Some third parties deploy third party positioning platforms capable of realizing indoor high-precision positioning for facilitating realization of services of the third parties, and the disclosure does not limit what type of indoor positioning the third party positioning platforms realize. For example, the third-party positioning platform may implement indoor high-precision positioning based on one or more technologies such as bluetooth fingerprint, bluetooth AOA (Angle Of Arrival), WIFI fingerprint, UWB (Ultra Wide Band), vSlam (Visual Simultaneous Localization And Mapping), and may sense the height Of the floor where the UE is located.

However, the third party is only limited to positioning in a scene where the corresponding positioning device is deployed, and the problem of a small positioning range exists.

The embodiment of the disclosure provides a positioning mode, which converges the positioning capabilities of different third-party positioning platforms by introducing an intermediate network device. Under the condition that an outdoor intensive positioning platform is not changed, switching of indoor and outdoor positioning capabilities is achieved through an SUPL protocol, in the process of positioning UE, under the condition that the UE is in an outdoor environment, the outdoor intensive positioning platform provides positioning service for U in the modes of 5G positioning or satellite positioning and the like, and under the condition that the UE is in an indoor environment, the outdoor intensive positioning platform and a third-party positioning platform cooperate to provide indoor high-precision positioning service for the UE.

The following explains the terms to which the present disclosure relates:

RLP: roaming Location protocol Roaming positioning protocol;

and (3) SSRLIR: standard SUPL Roaming Location update request SUPL Roaming Location instant request;

MSID: mobile Station IDentifier;

H-SLP: the method comprises the steps that a Home-SUPL Location Platform belongs to a SUPL positioning Platform;

SSRLIA: SUPL Roaming Location Immediate response of Standard SUPL Roaming Location Answer Standard SUPL Roaming Location instant response;

SRLIR: SUPL Roaming Location update request, SUPL Roaming Location Immediate request;

SUPL TRIGGERED START: SUPL trigger starting;

SUPL TRIGGERED RESPONSE: SUPL trigger response;

SUPL INIT: SUPL initialization;

SUPL POS INIT: initializing SUPL positioning;

and session identification: a session id for identifying a SUPL session between the H-SLP and the UE.

Fig. 1 is a schematic diagram illustrating a structure of a positioning system in an embodiment of the present disclosure, where the positioning method or the positioning apparatus in various embodiments of the present disclosure may be applied to the system.

As shown in fig. 1, the positioning system architecture may include: UE 101, H-SLP 102, intermediate network device 103 and third party positioning platform 104.

The UE 101 is a SUPL-capable user equipment, and an application program corresponding to the third party positioning platform 104 is installed in the UE 101, and the third party positioning platform 104 can acquire data for positioning the UE 101 through the application program.
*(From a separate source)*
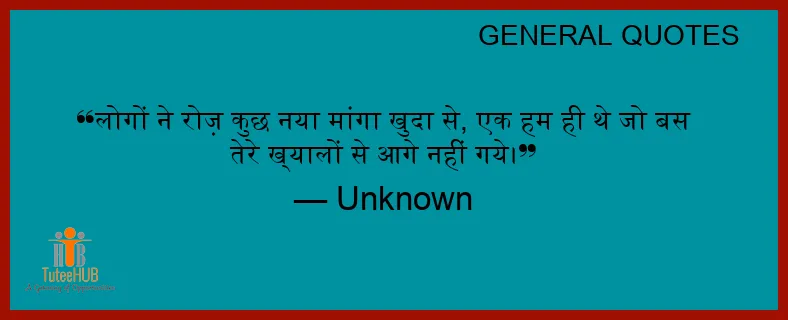 लोगों ने रोज़ कुछ नया मांगा खुदा से, एक हम ही थे जो बस तेरे ख्यालों से आगे नहीं गये।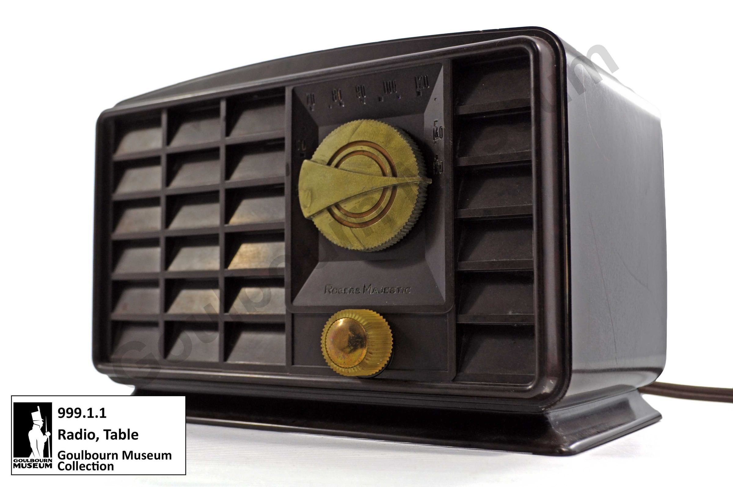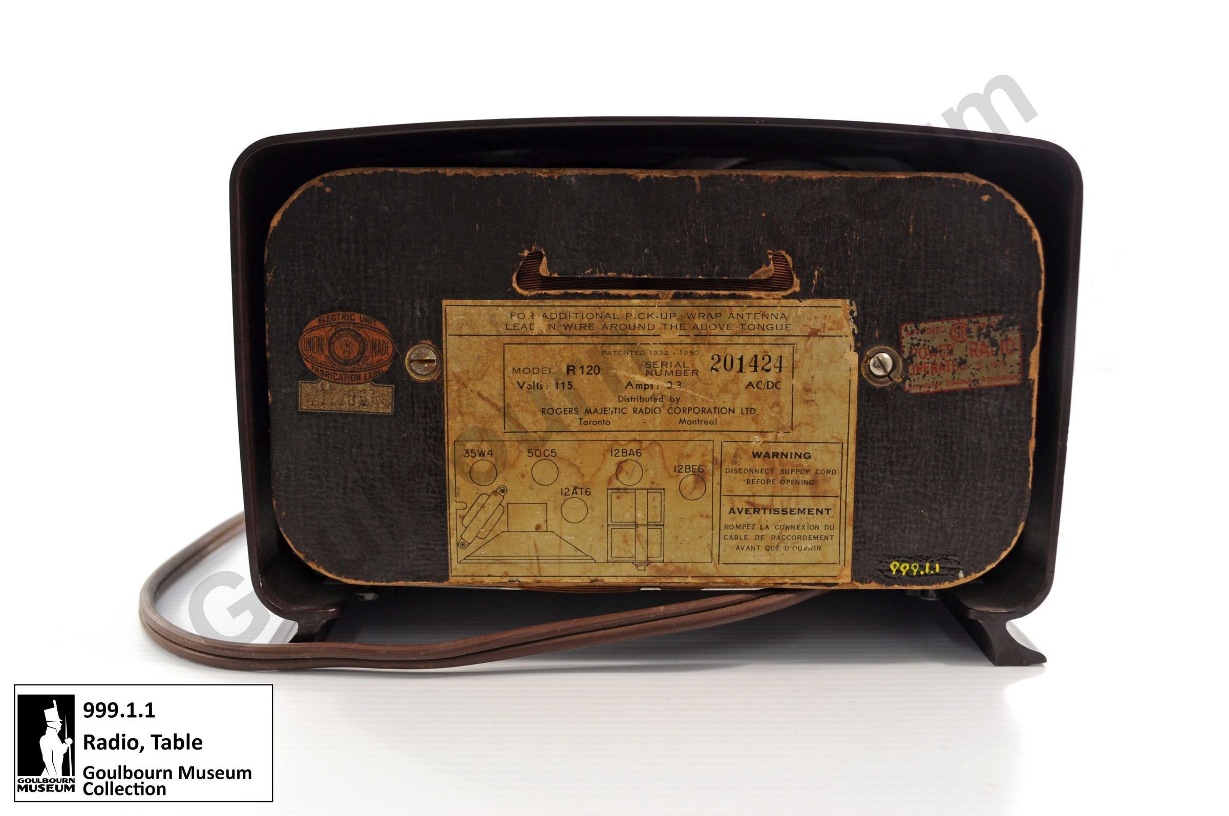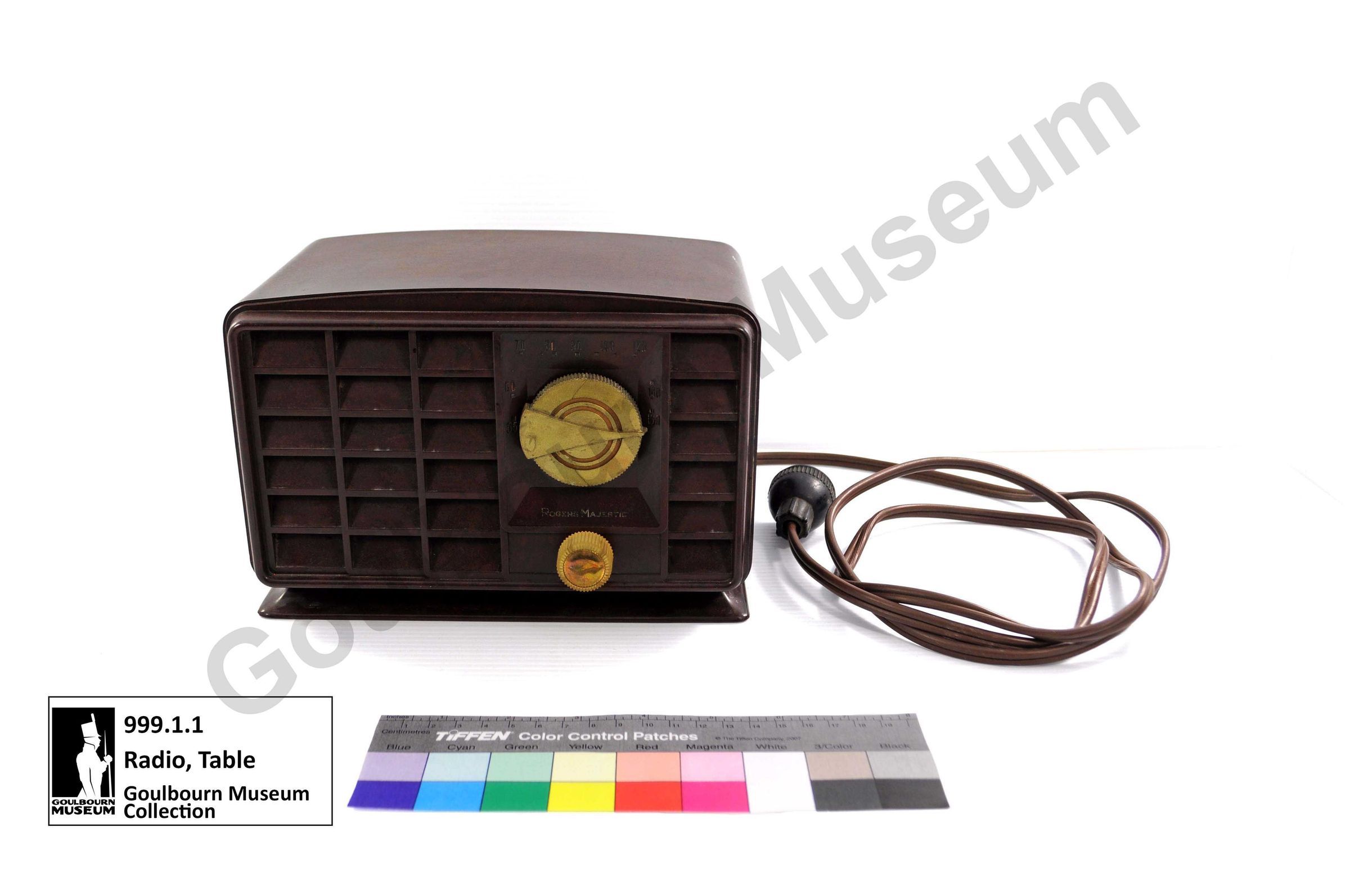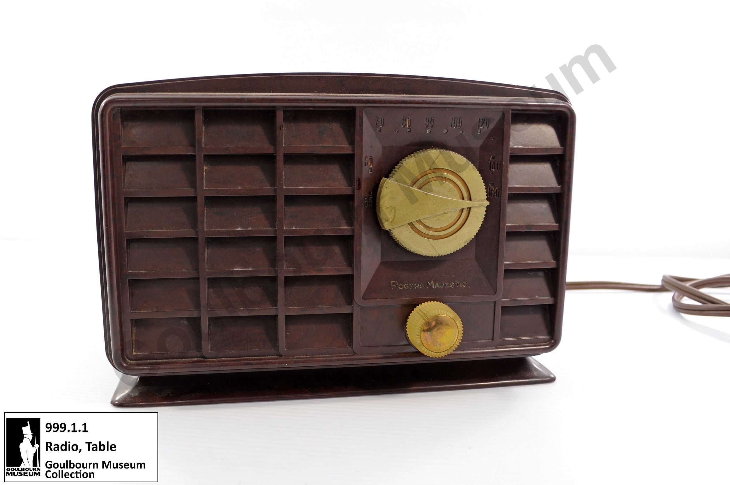 One brown coloured Roger's Majestic table radio, c. 1949 - 1950. The outside of the radio is made of a brown coloured plastic with two gold-yellow coloured plastic dials. The radio has an intact two-prong electrical plug and cord which attaches to the device in the back. The front of the radio has a repeating geometric rectangular pattern on the proper right half. The proper left has a vertical rectangle, inset with a square design displaying radio frequencies displayed in numerals from 50 on the proper right side to 150 on the proper left. A gold coloured plastic dial in the shape of a circle with a triangle in the centre is used to point to the radio frequency numbers. The name Rogers Majestic is engraved below the frequency dial on the front of the radio.

It should be noted that before the third party positioning platform 104 obtains the data through the application program, the owner of the UE 101 is required to perform corresponding authorization.

The H-SLP 102 can interact with the UE 101 via standard SUPL protocols.

The intermediate network device 103 may converge and converge the positioning information of the third-party positioning platform, convert the information into information recognizable by the H-SLP, and send the information to the H-SLP through an RLP protocol.

The third-party positioning platform 104 may be obtained by adding an interface for interacting with the intermediate network device 103 to an original third-party positioning platform, and the third-party positioning platform 104 may interact with the H-SLP 102 through the intermediate network device 103. The interface may be obtained by customization, or may be obtained based on a standard MLP (Mobile Location Protocol) Protocol definition.

The UE 101, the H-SLP 102, the intermediate network device 103 and the third party positioning platform 104 are communicatively connected through a network, which may be a wired network or a wireless network.

Optionally, the wireless or wired networks described above use standard communication techniques and/or protocols. The Network is typically the Internet, but can be any Network including, but not limited to, a Local Area Network (LAN), a Metropolitan Area Network (MAN), a Wide Area Network (WAN), a mobile, wired or wireless Network, a private Network, or any combination of virtual private networks. In some embodiments, data exchanged over a network is represented using techniques and/or formats including HyperText Mark-up Language (HTML), extensible Mark-up Language (XML), and the like. All or some of the links may also be encrypted using conventional encryption techniques such as Secure Socket Layer (SSL), transport Layer Security (TLS), virtual Private Network (VPN), internet protocol Security (IPsec). In other embodiments, custom and/or dedicated data communication techniques may also be used in place of, or in addition to, the data communication techniques described above.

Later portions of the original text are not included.